- **Source data**
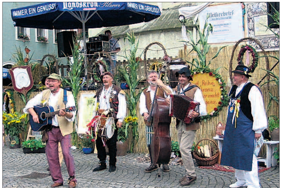
Die Rod'schen Möhrenschaber

Gemeinnutz geht vor Eigennutz, diese Aussage trifft voll auf dich zu. Seit unserer aktiven Zeit in der Wende kenne ich dich und du hast dich nicht geschont oder zurückgelehnt, bist vielmehr Kapitän auf dem Tou-
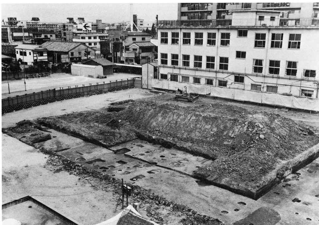
1. 調査区西半部全景（南東から）

- **Task to complete**
Nothing but the text of the listing should be set down, exactly, with the pictures left behind.

- **Exercise output**
Die Rod'schen Möhrenschaber

Gemeinnutz geht vor Eigennutz, diese Aussage trifft voll auf dich zu. Seit unserer aktiven Zeit in der Wende kenne ich dich und du hast dich nicht geschont oder zurückgelehnt, bist vielmehr Kapitän auf dem Tou-
1. 調査区西半部全景（南東から）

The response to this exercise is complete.